Dear all

I am very new to this so apologies in advance..

I am trying to teach myself the basics of R and bioinformatics and would like to attempt some analysis of TCGA data

I have downloaded the RNA-seq data from the LUAD TCGA data set using the 'HTSeq-Counts' link from this page:

I would like just do a simple correlation of expression of gene y with gene z

I then want to perform Kaplan-Meier analysis of overall survival after dividing patients into high and low expression of gene y (using the median to split the cohorts)

My questions are about normalising the data, before I perform the analyses

1) The UCSC page explains that the data has been log(x+1) transformed. **I would like to know if the raw data was normalised for library size prior to log transformation? If not, is this necessary?**

I obtained the count matrix and back-transformed the counts ((2^x) - 1) and I then summed the total counts per sample and obtained different values per sample, which makes me assume that the counts were not corrected for library size

2) Finally, assuming that the data have not been normalised for library size (or distribution etc) what method would you suggest to normalise for my analysis. I understand I could just do TPM or could do TMM or another method such as that used by DESeq2

Thanks in advance for any help, I did try to find the answer to q1 elsewhere but couldn't

Hey Kevin

Huge thanks for this, appreciate it. I'll convert back as you've explained and then try using DESeq2 to normalising before analysis. Will have a go at your tutorial for survival...

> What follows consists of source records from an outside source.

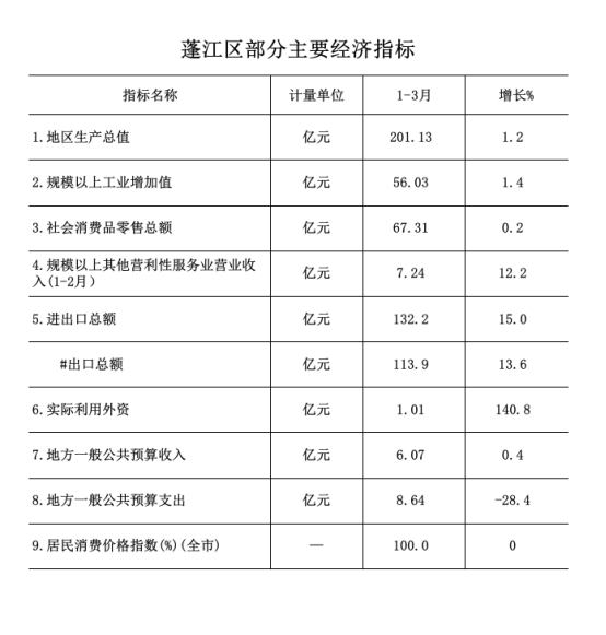 一季度,全区地方一般公共预算收入6.07亿元,增长0.4%;全区地方一般公共预算支出8.64亿元,下降28.4%。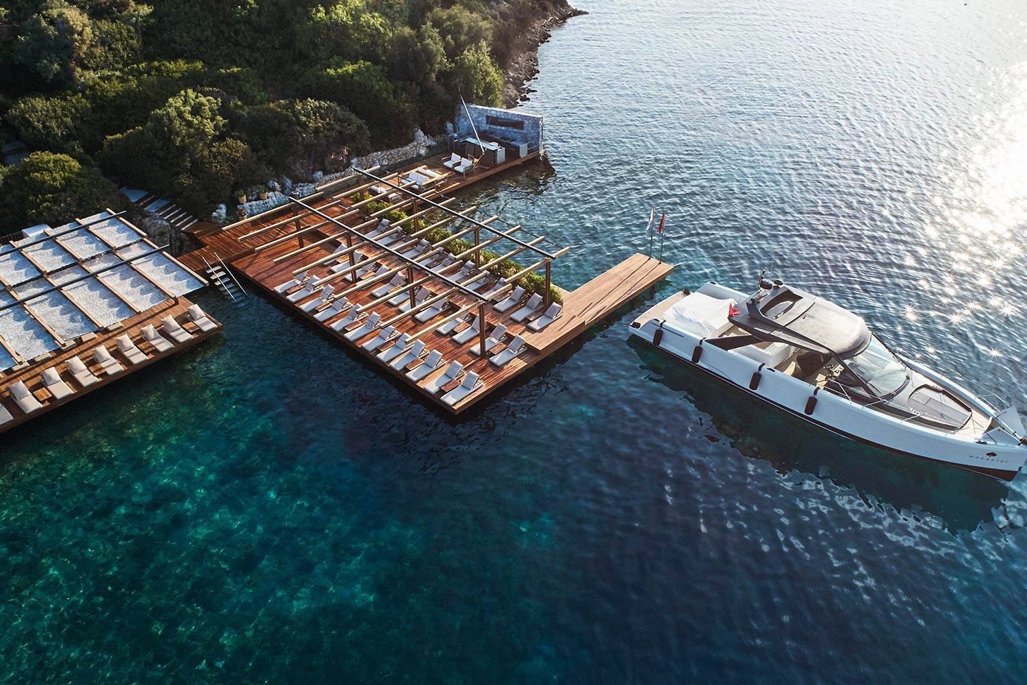 There is no beach, but there are steps into the water. After a dip, return to your waterfront sunbed and raise your hand; a waiter will appear from the bar area. Aside from the pool, the fitness centre, windsurfing and jet-propelled stilt adventures await. Plan to visit Macakizi Spa to unwind in the hammam or to enjoy a Balinese massage. Best of all, the resort has its own yacht, which guests can hire, so at sea as on land, the Macakizi dream continues.
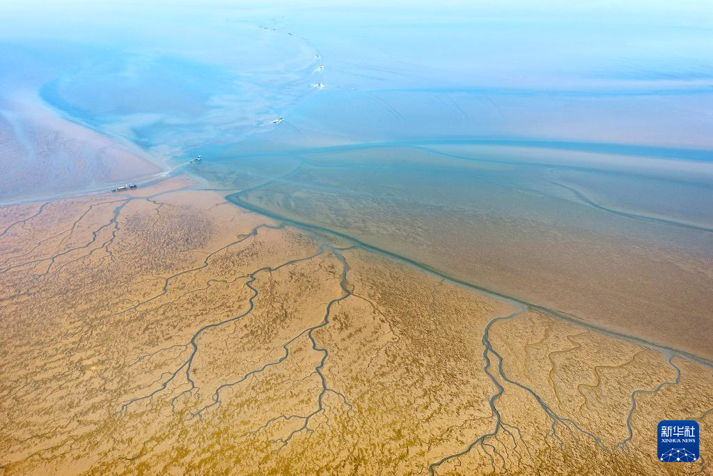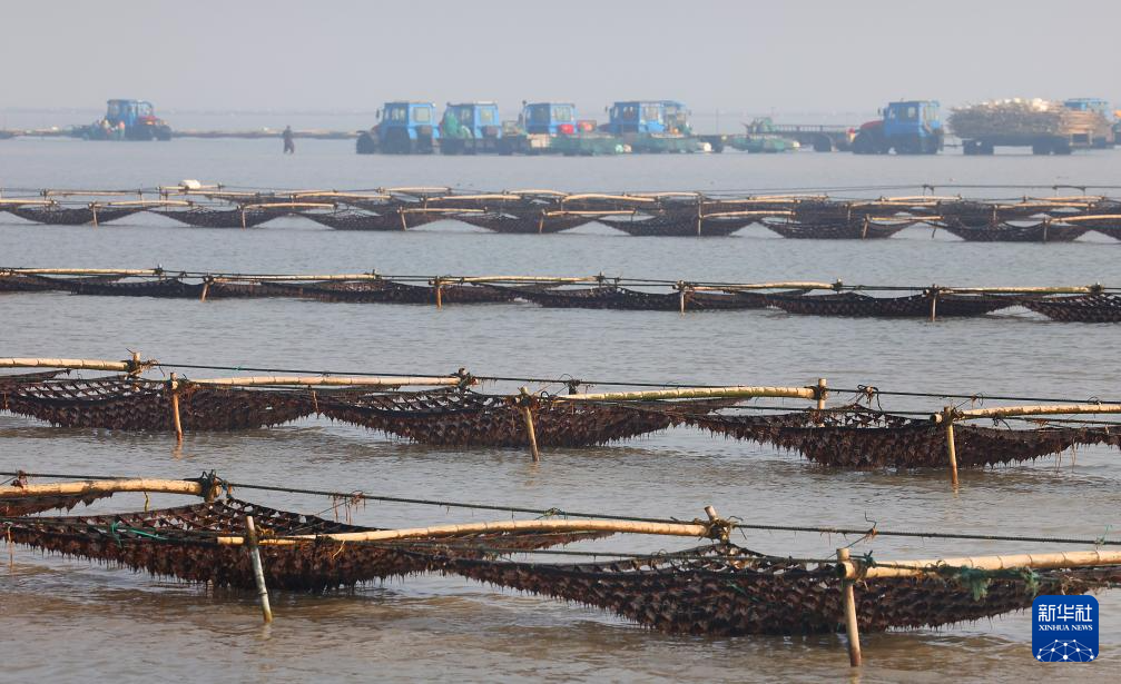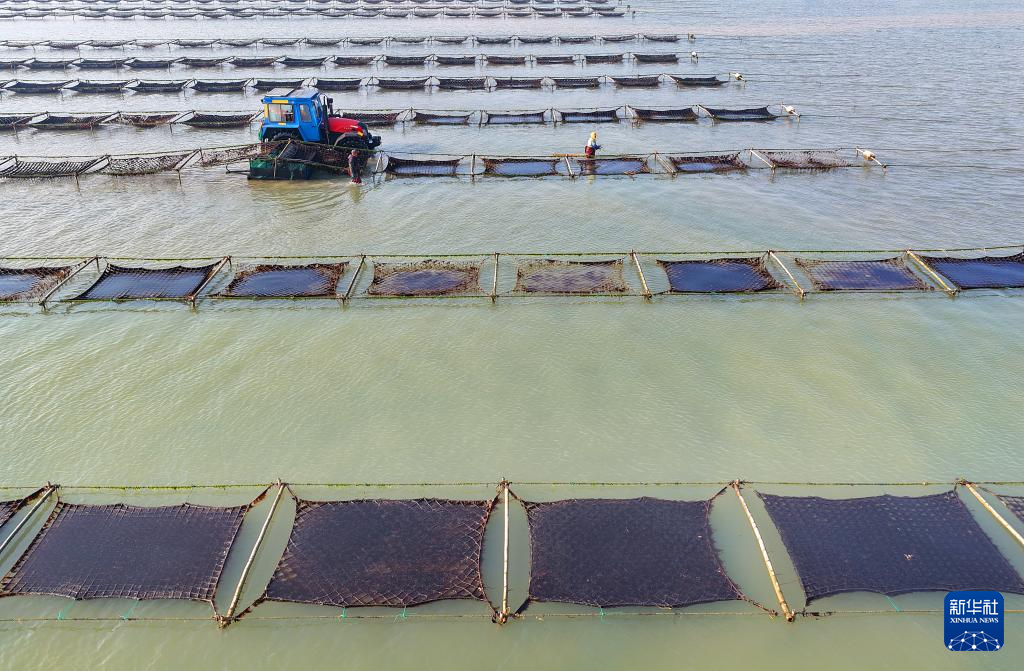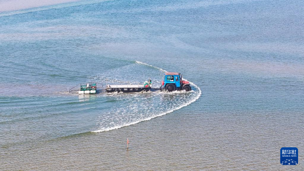 1月15日,养殖户驾驶拖拉机趁着退潮出海采收紫菜(无人机照片)。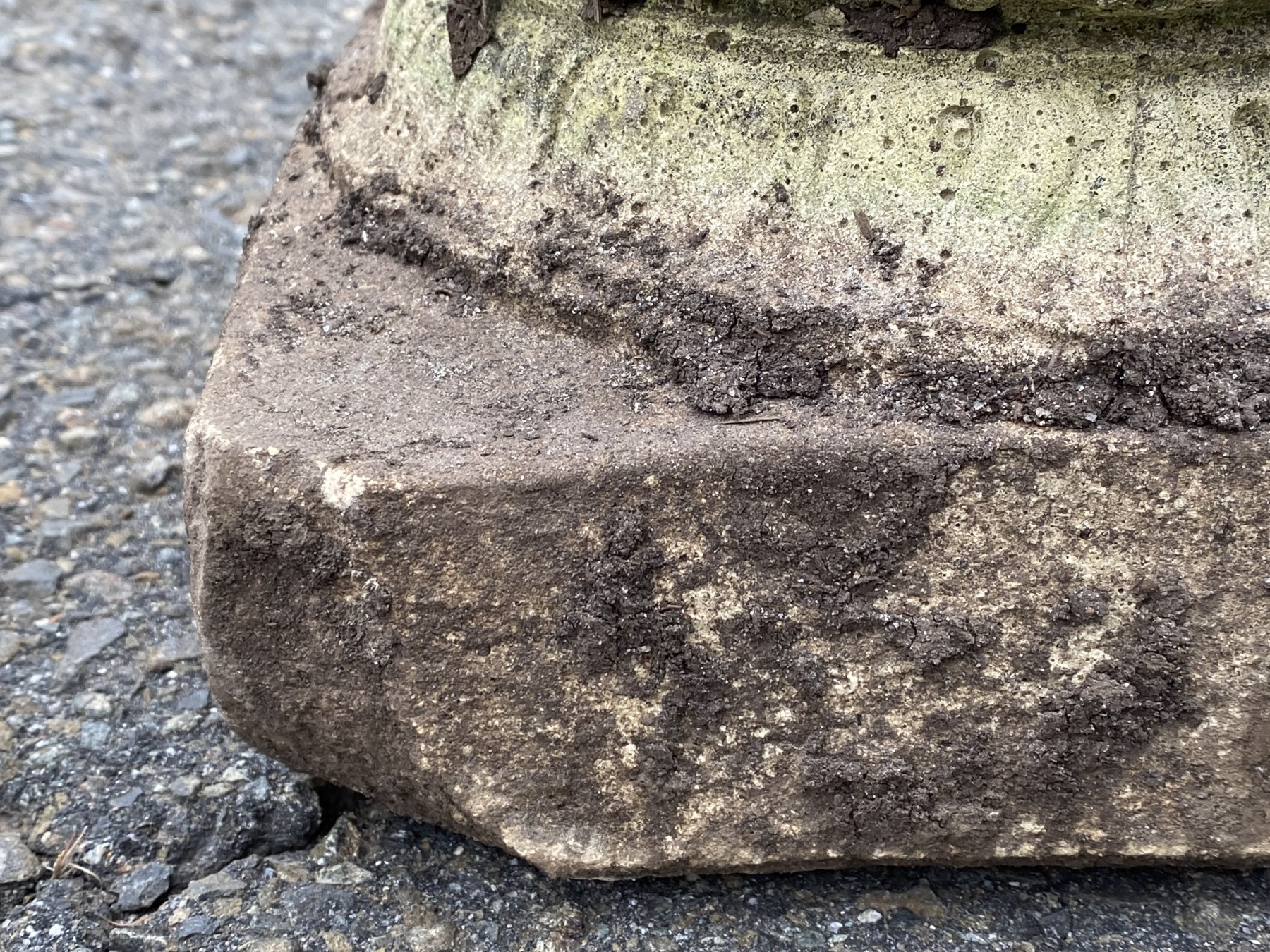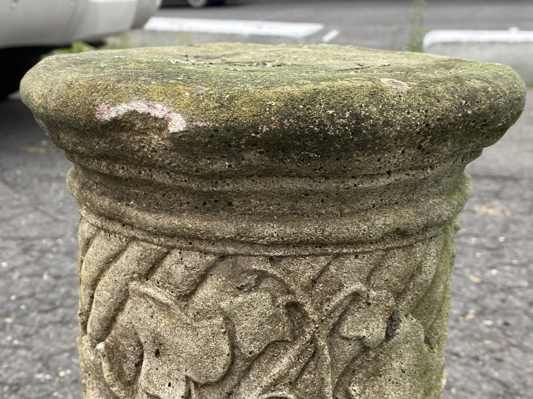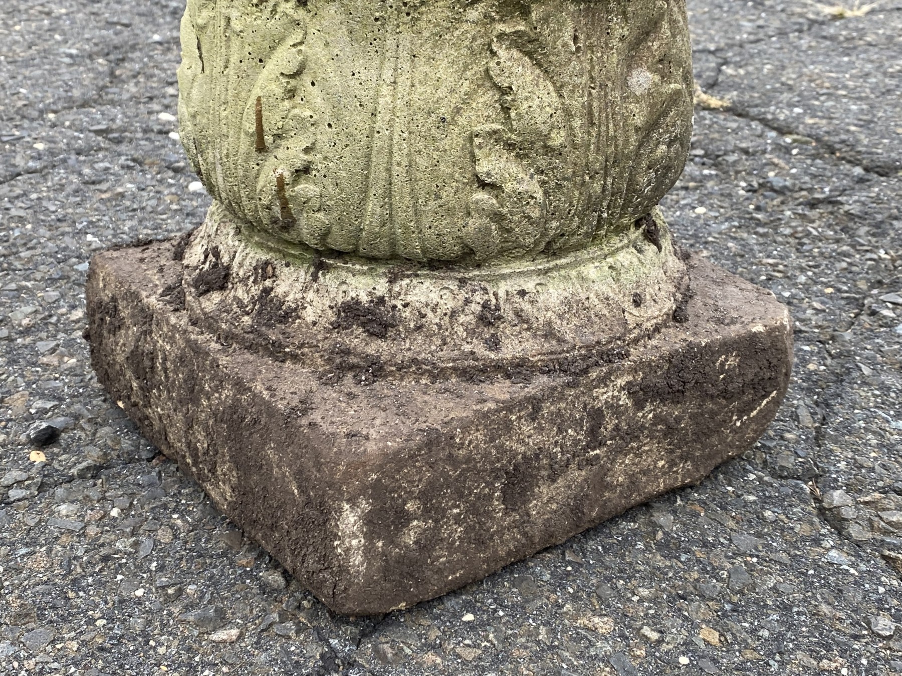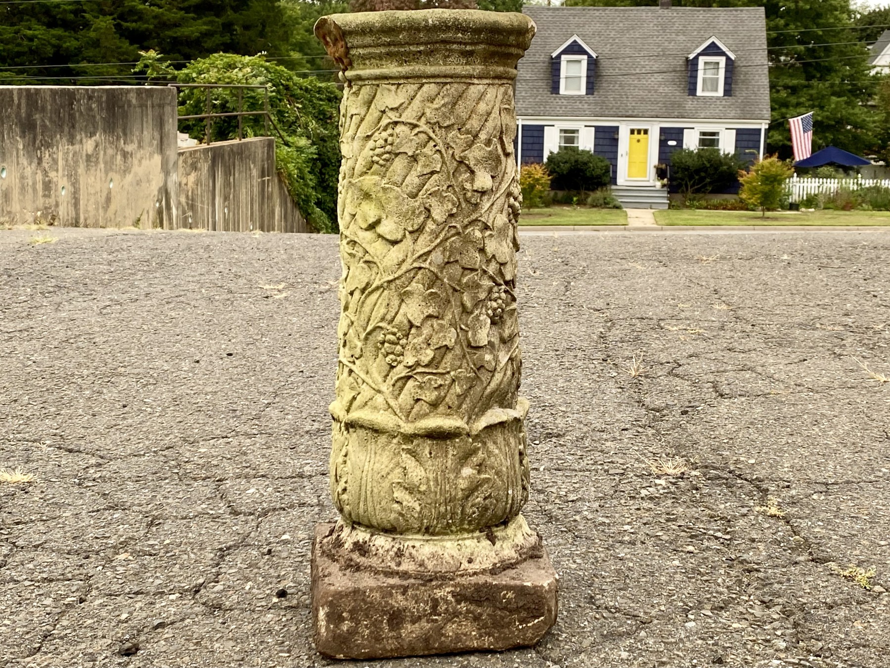 A vintage nicely weathered cement pedestal with ornate acanthus and grape vine motif.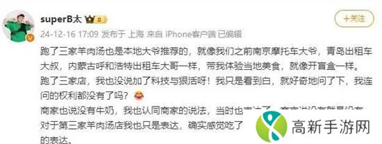 B太称:“跑了本地大爷推荐的三家羊肉汤,我也没说加了科技与狠活呀!我只是看到白,就好奇地问了下,我连问的权利都没有了吗?”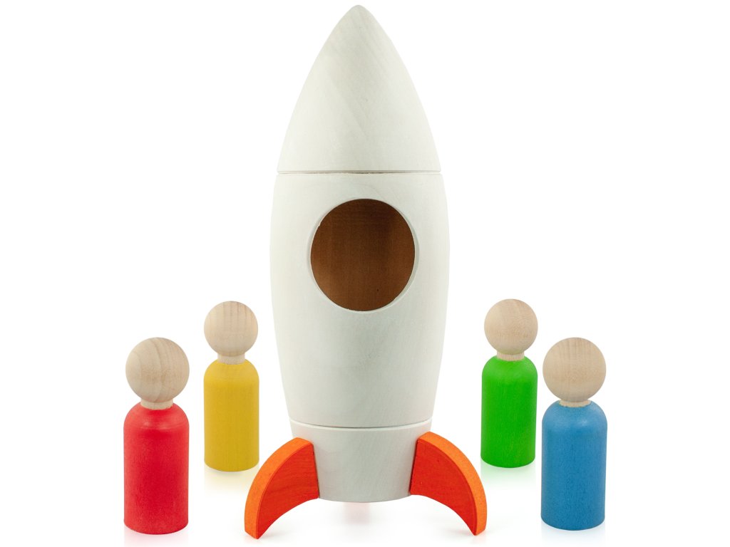 Raketa a figurky jsou vyrobeny z lipového dřeva. Příjemné na dotek, dobře leštěné. Barevné prvky jsou natřeny německým přírodním voskem BIOFA certifikovaným pro dětské hračky. Pozor: prvky natřené přírodním voskem se nedoporučují mýt - k jemnému otření dílů je lepší použít suchý nebo mírně navlhčený hadřík.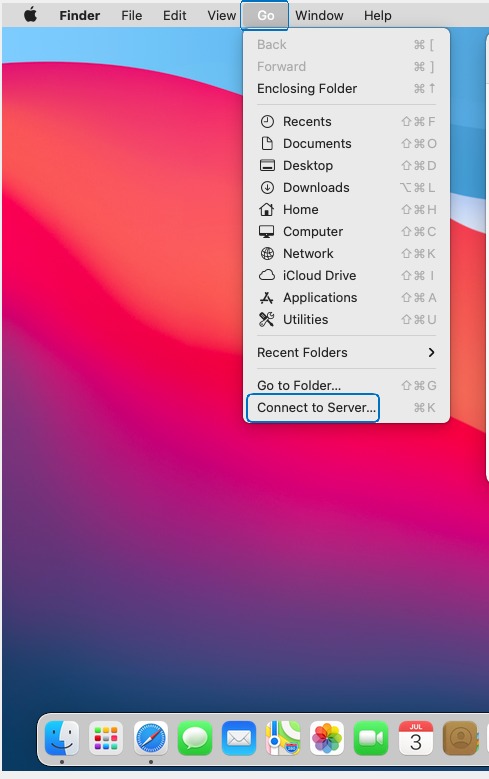 STEP 2: Create a new shortcut on the Home Folder by click on the Go and select Connect to Server.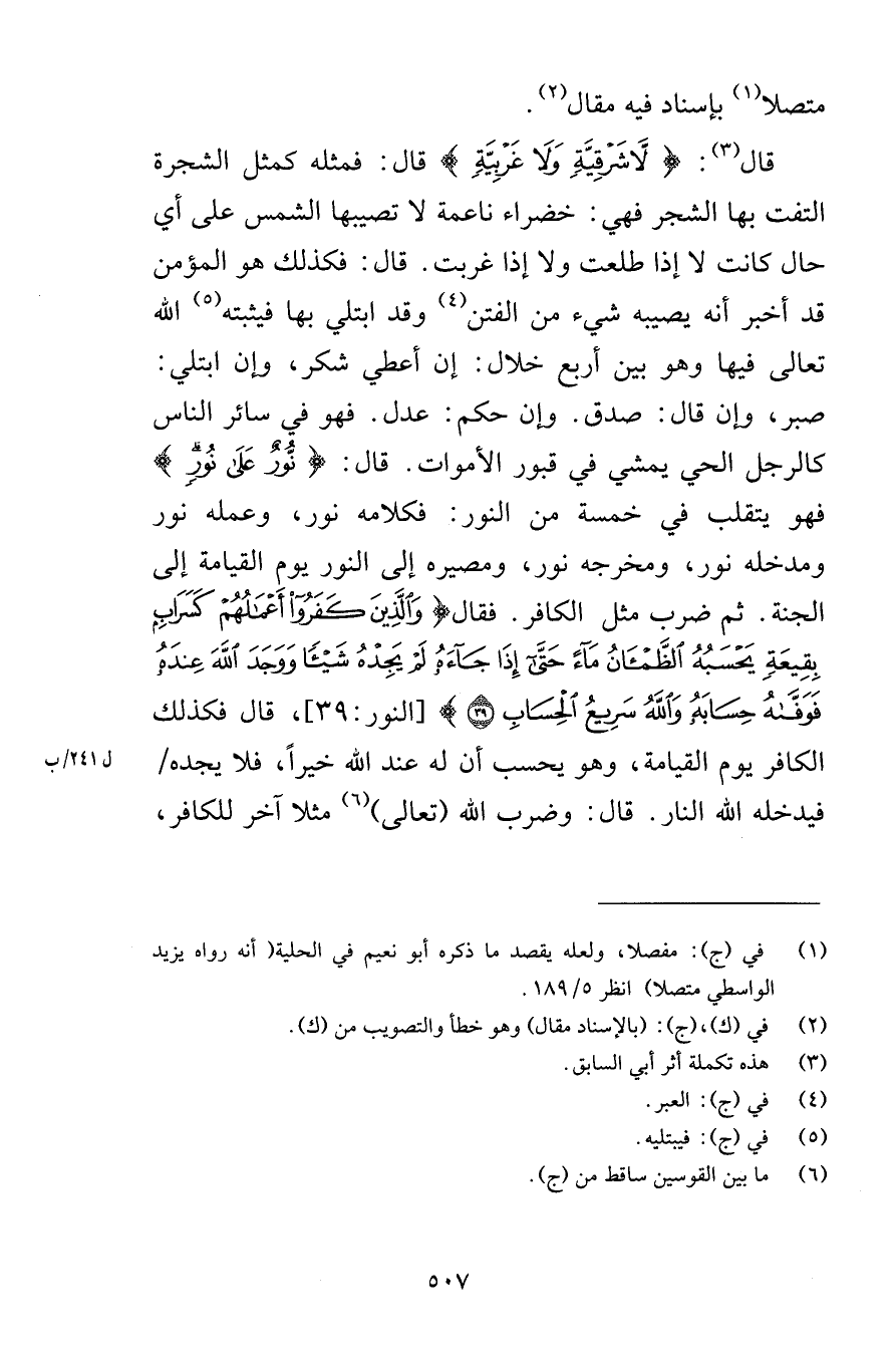 متصلاً بإسناد فيه مقال قال لَا شَرْقِيَّةٍ وَلَا غَرْبِيَّةٍ قال فمثله كمثل الشجرة التفت بها الشجر فهي خضراء ناعمة لا تصيبها الشمس على أي حال كانت لا إذا طلعت ولا إذا غربت قال فكذلك هو المؤمن قد أخبر أنه يصيبه شيء من الفتن وقد ابتلي بها فيثبته الله تعالى فيها وهو بين أربع خلال عن أعطي شكر وإن ابتلي صبر وإن قال صدق وإن حكم عدل فهو في سائر الناس كالرجل الحي يمشي في قبور الأموات قال نُورٌ عَلَى نُورٍ فهو يتقلب في خمسة من النور فكلامه نور وعمله نور ومدخله نور ومخرجه نور ومصيره إلى النور يوم القيامة إلى الجنة ثم ضرب مثل الكافر فقال وَالَّذِينَ كَفَرُوا أَعْمَالُهُمْ كَسَرَابٍ بِقِيعَةٍ يَحْسَبُهُ الظَّمْآنُ مَاءً حَتَّى إِذَا جَاءَهُ لَمْ يَجِدْهُ شَيْئًا وَوَجَدَ اللَّهَ عِنْدَهُ فَوَفَّاهُ حِسَابَهُ وَاللَّهُ سَرِيعُ الْحِسَابِ (39) [النور 39] قال فكذلك الكافر يوم القيامة وهو يحسب أن له عند الله خيراً فلا يجده فيدخله الله النار قال وضرب الله تعالى مثلا آخر للكافر

p.s. after I messaged I did a bit more digging and noticed that Xena has 2 'versions' TCGA for download. One is the GDC version which I am using and another is, I guess, the 'legacy' data. The latter is RSEM normalised and then logged apparently.

https://xenabrowser.net/datapages/?cohort=TCGA%20Lung%20Adenocarcinoma%20(LUAD)&removeHub=https%3A%2F%2Fxena.treehouse.gi.ucsc.edu%3A443

Yes, you can also use the RSEM estimated counts for input to DESeq2 via tximport - I have done this many times with TCGA data. The DESeq2 Vignette goes over all of these options.